Stephen Colbert at the White House Correspondents' Dinner

The media is totally ignoring the brilliantly satirical remarks delivered by Colbert at the Correspondents’ Dinner, probably because they were the target of some of his most blistering invective.

Over the last five years you people were so good over tax cuts, W.M.D. Intelligence, the affect of global warms. We Americans didn't want to know, and you had the courtesy not to try to find out. Those were good times, as far as we knew.

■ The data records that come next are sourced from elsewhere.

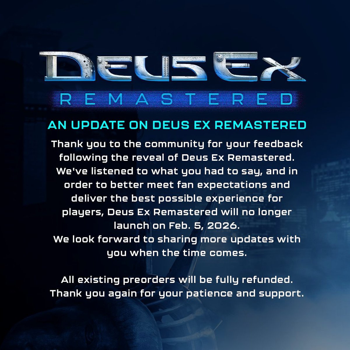 Ремастер первой части Deus Ex не будет выпущен 5 февраля 2026 года. Компания Aspyr, занимающаяся проектом, объявила о переносе релиза игры на неопределенный срок.
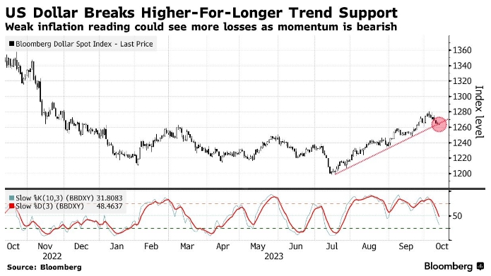Спотовый индекс доллара Bloomberg падает седьмой день подряд после того, как недавние комментарии представителей Федеральной резервной системы, включая Кристофера Уоллера, дали основания предполагать, что чиновники могут воздержаться от дальнейшего ужесточения политики. Индекс повышался два квартала подряд и на прошлой неделе достиг самого высокого уровня почти за год благодаря ставкам на то, что процентные ставки в США могут оставаться высокими еще долгое время.
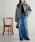 ショート丈なので、ワイドパンツやボリュームスカート、ワンピースなどを合わせるとメリハリ感がアップします◎
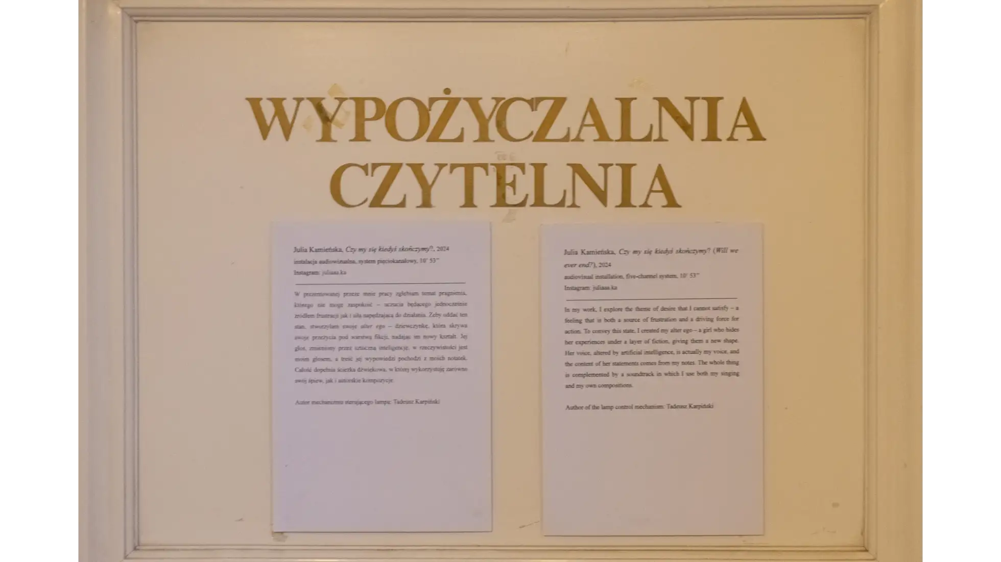 Emily 2 jest próbą uchwycenia momentu przejścia – między fikcją a rzeczywistością, wspomnieniem a halucynacją. To fikcyjny film, którego nie można obejrzeć, ale którego echo i atmosfera wciąż rezonują w przestrzeni wystawy.
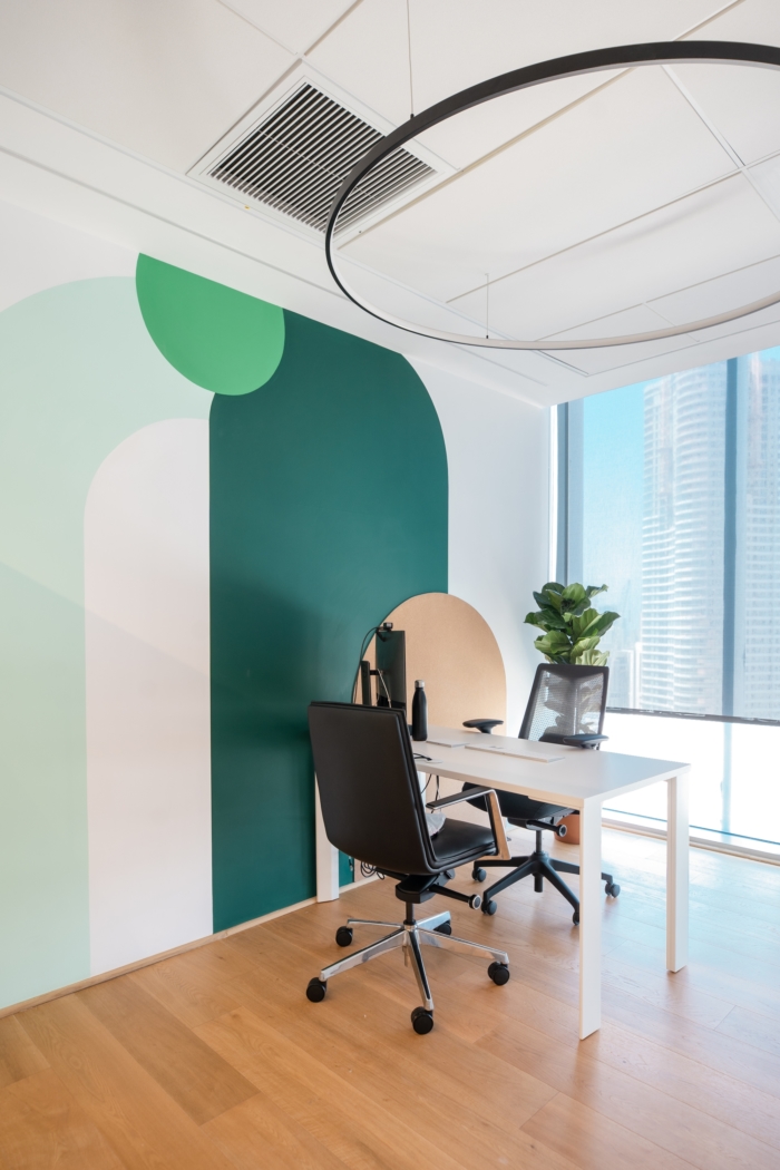 工作室选择了一种代表品牌的设计策略,并以抽象的方式将其核心价值转化为空间的不同区域。舒适温馨的家具搭配温暖深邃的色彩,营造出与绿色和自然植被相结合的家的感觉。所有这些都创造了一个舒适的工作空间和舒适的住宿环境。#办公室设计公司#
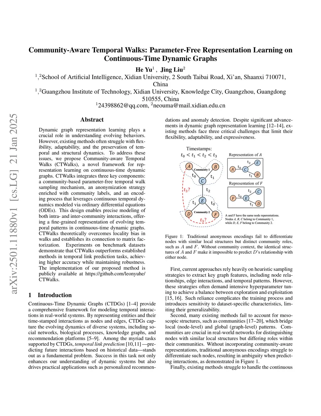 Community-Aware Temporal Walks: Parameter-Free Representation Learning on Continuous-Time Dynamic Graphs
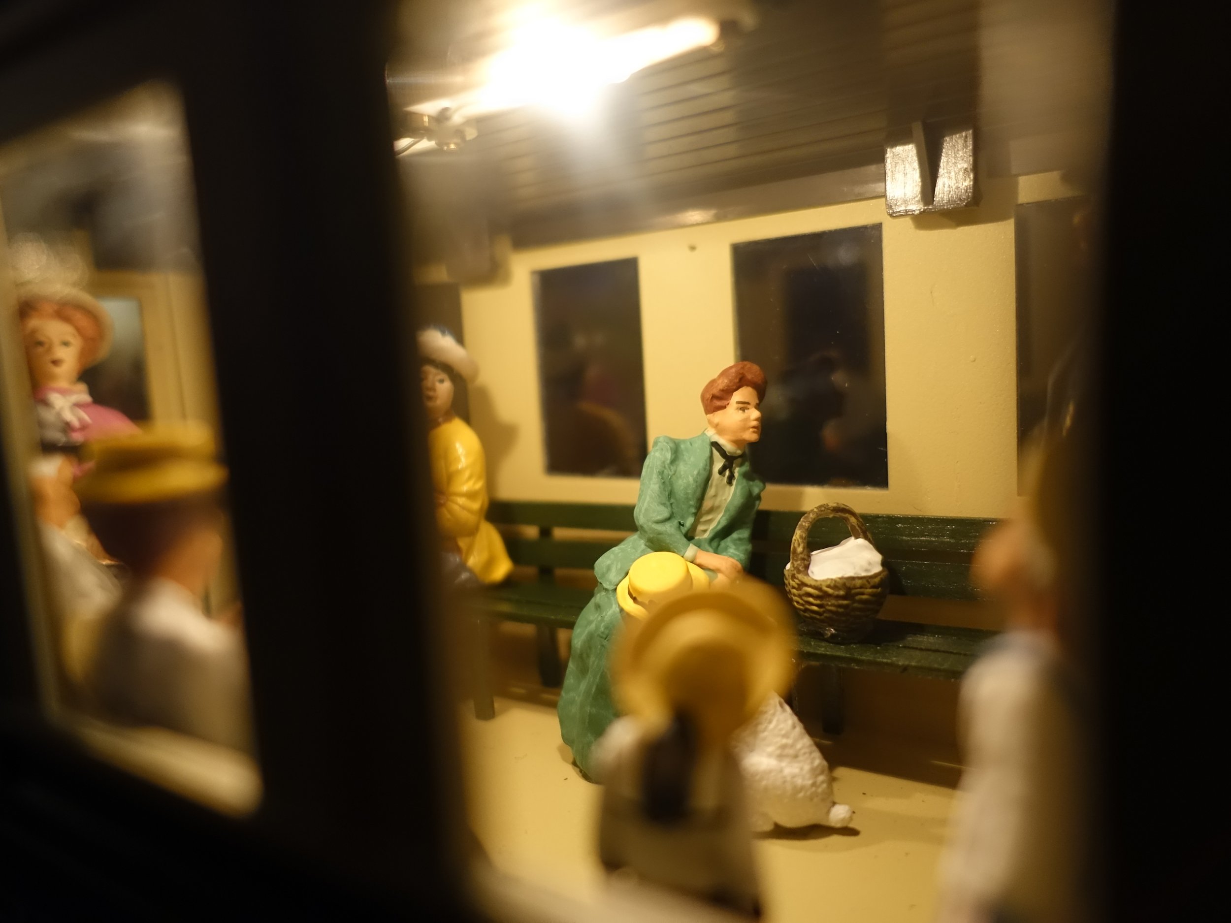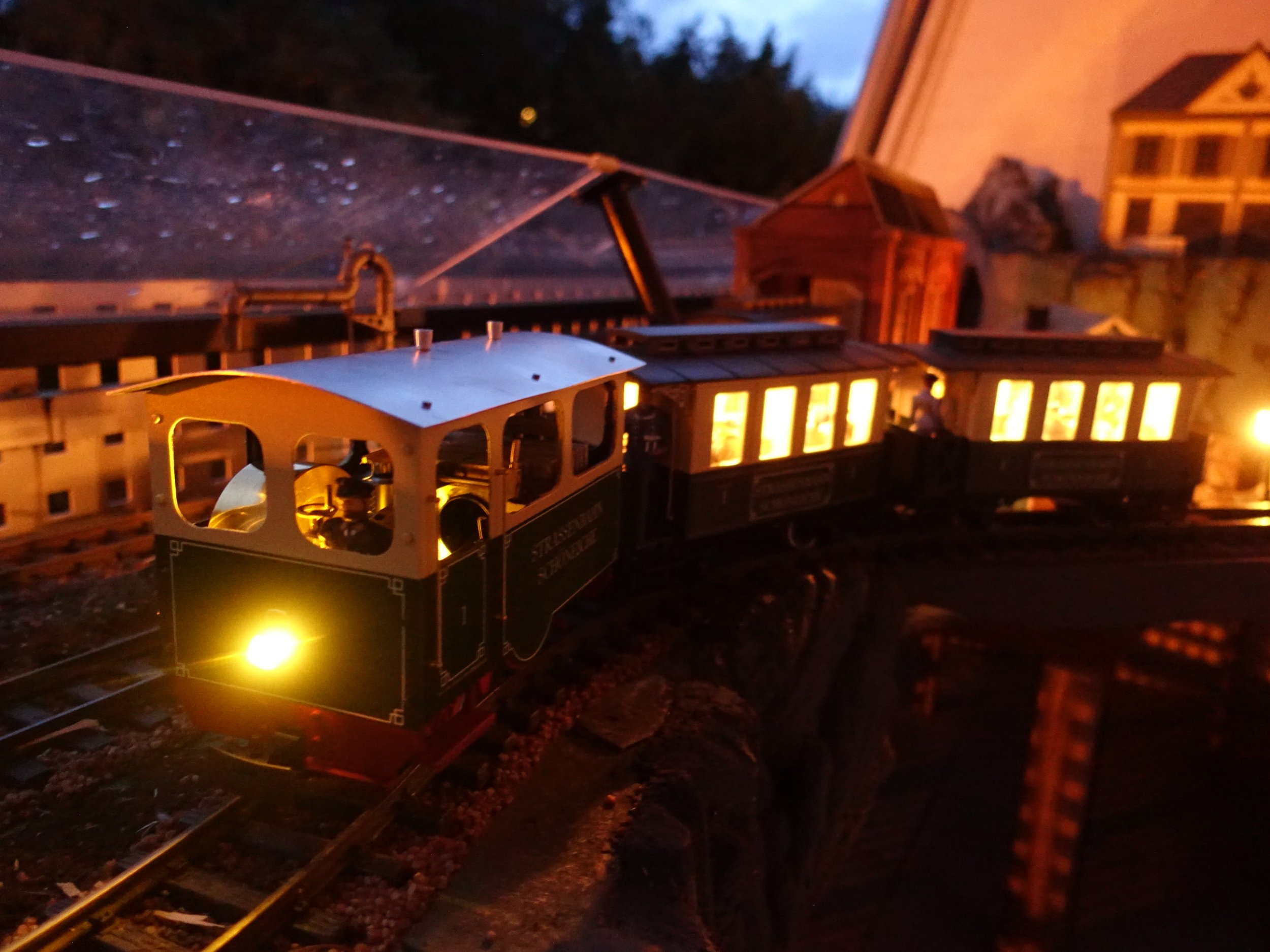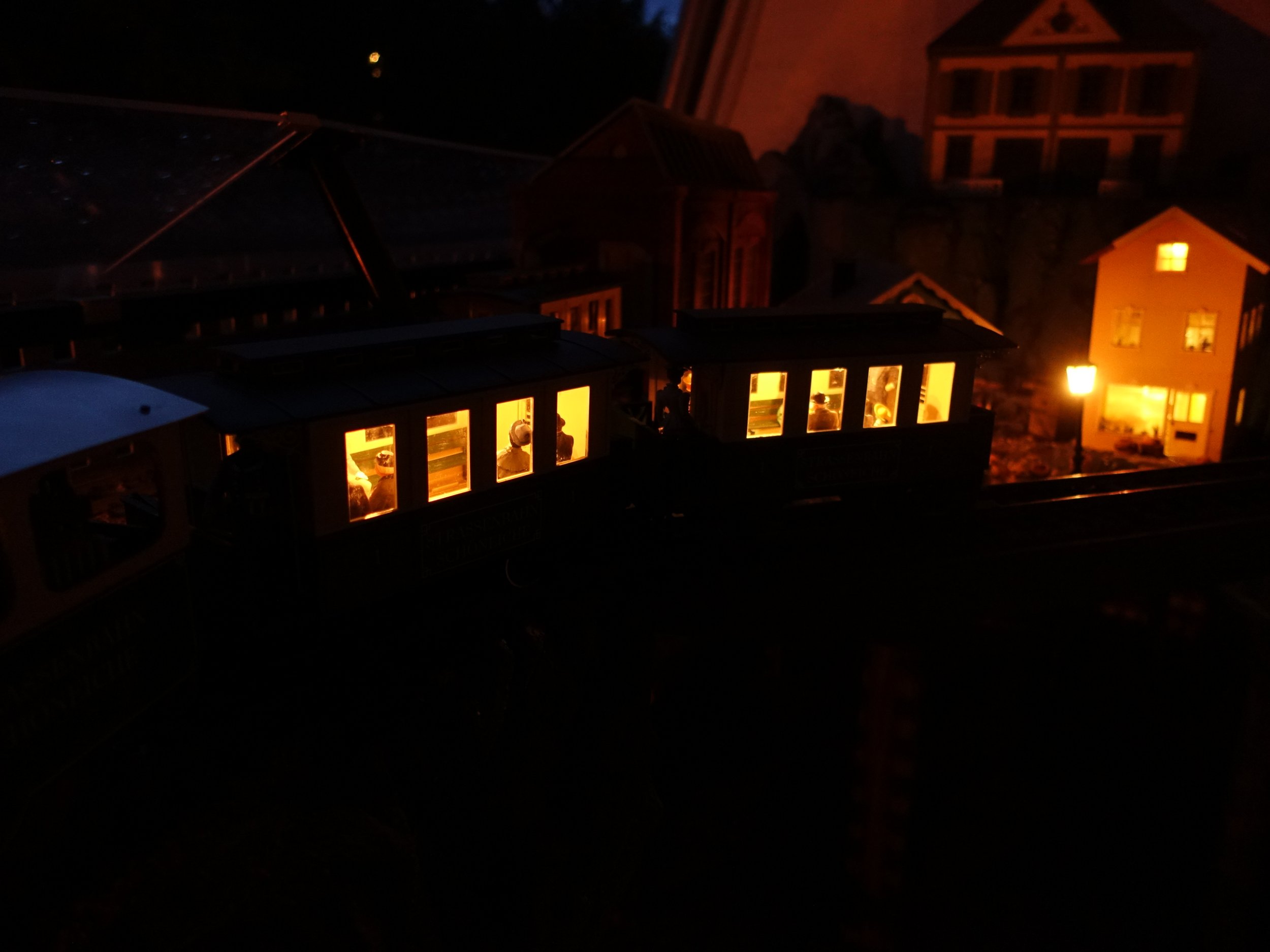 Für die Beleuchtung wurden 2 in Serie geschaltete Röhrenglühlampen mit Reflektoren (alles FGB) auf die Dachinnenseite verschraubt. Im Ergebnis werden die Wagen für viele Stunden schön warmweiß ausgeleuchtet.
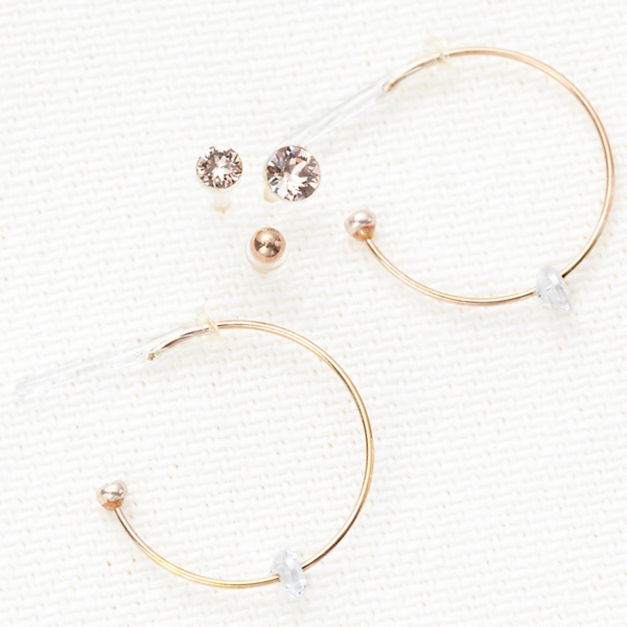 極細のワイヤーフープにストーンをあしらったフープピアスのセットです。
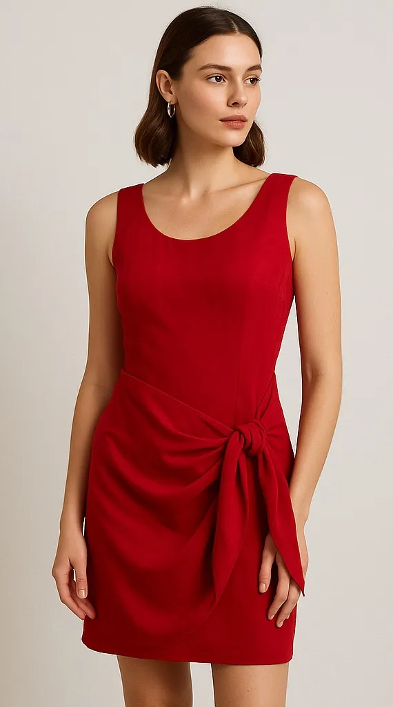 A true vintage gem. This 100% silk Forenza dress in bold red features a draped tie-front detail that flatters the waist beautifully. Effortless elegance for the holidays or a romantic date night. Pair with gold heels and a clutch for a timeless, Old-Hollywood vibe. • Size 8 • Fully silk construction • Hidden back zipper • Excellent pre-owned condition Measurements (approx.): 17” pit-to-pit, 33” length #vintage #holidayparty #redress #silkstyle #cocktaildress
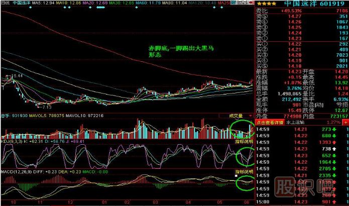 1.股價持續(xù)下跌半年或一年以上,跌幅50%一60%乃至70%以上,赤腳底有其形成機(jī)理。莊家往往在下跌后期有一個加速趕底的動作,快速跌到底部后就形成了腳跟,因?yàn)榭焖傧碌笥?a href=http://www.123cyq.com/GPRM/sy/1792.html target=_blank class=infotextkey>反彈,反彈到中長期均線(在此處一般指的是60日均價線,也可半年線或年線)處必然遇阻回落,之后股價在中長期均線的壓制下逐步走低,此時的中長期均價線就像腳背,股價的回落能夠不創(chuàng)新低,最后股價的活動空間越來越小,如果曾有莊家在足部區(qū)間建倉的話,此時往往會放量突破各種均線(從腳趾上飚起)而走出一段上揚(yáng)行情。赤腳底的關(guān)鍵是腳下一定要放量,而且最好是底部逐漸抬高,這樣才是健康的腳,底部都不抬高的,那就不是赤腳底了,可能演變?yōu)閳A底等其它形態(tài)了。量是關(guān)鍵點(diǎn),量縮放要有規(guī)律,除了腳底要有量,還有突破腳趾頭時也要放量,還有一個關(guān)鍵點(diǎn)就是股價盤整到腳趾頭那個位置時必須各種中短期均線平收斂存一起,那才是最有力的腳趾頭,只要有量的配合就容易飆升。

But, listen, let's review the rules. Here's how it works. The president makes decisions, he’s the decider. The press secretary announces those decisions, and you people of the press type those decisions down. Make, announce, type. Put them through a spell check and go home. Get to know your family again. Make love to your wife. Write that novel you got kicking around in your head. You know the one about the intrepid Washington reporter with the courage to stand up to the administration. You know, fiction.

He also brought up things that I would bet no one dares mention in front of Dubya, like his 32% approval rating, the fact that his administration’s biggest (and sometimes it seems only) talent is staging photo-ops, etc.

The blogosphere, on the other hand, is cheering. If you want to send your own personal thanks, you can go here. You can also see the video at this site. The reason, oh Great and So Out-of-Touch Defenders of the Republic, is because he did what you won’t do. He spoke truth to power, while “power” was sitting less than 10 feet away from him.

I saw something that said that even Keith Olbermann (usually one of the good guys, but wrong on this one, if it’s true) was worried that the routine might have made poor Dubya “uncomfortable.” You know what I say? Good! He deserves to be “uncomfortable” and worse. All he hears, day and night, in his little bubble, is how wonderful he is, so of course a little dose of reality (which, as Colbert says, has “a well-known liberal bias”) is going to hurt. I mean, between Harriet Miers’ mash notes and Josh Bolten’s collection of photos of his hands, for God’s sake, the man doesn’t have a staff – he has a fan club. What he deserves, apart from trial and conviction for war crimes, is to never have a moment’s peace for as long as he lives. Like Richard III (Shakespeare's fictional Richard, not the real one), he deserves to have his dreams haunted by the thousands whose lives he’s been responsible for ending or ruining. Unfortunately, he doesn’t have enough imagination or capacity for remorse for that to ever happen.

What I’m a little worried about, as I told my sister yesterday, is that in the near future Colbert’s show will be cancelled due to his inexplicable “disappearance.” He also might want to consider not flying in the future, assuming that the government would let him fly, since he’s obviously an al Qaeda sympathizer.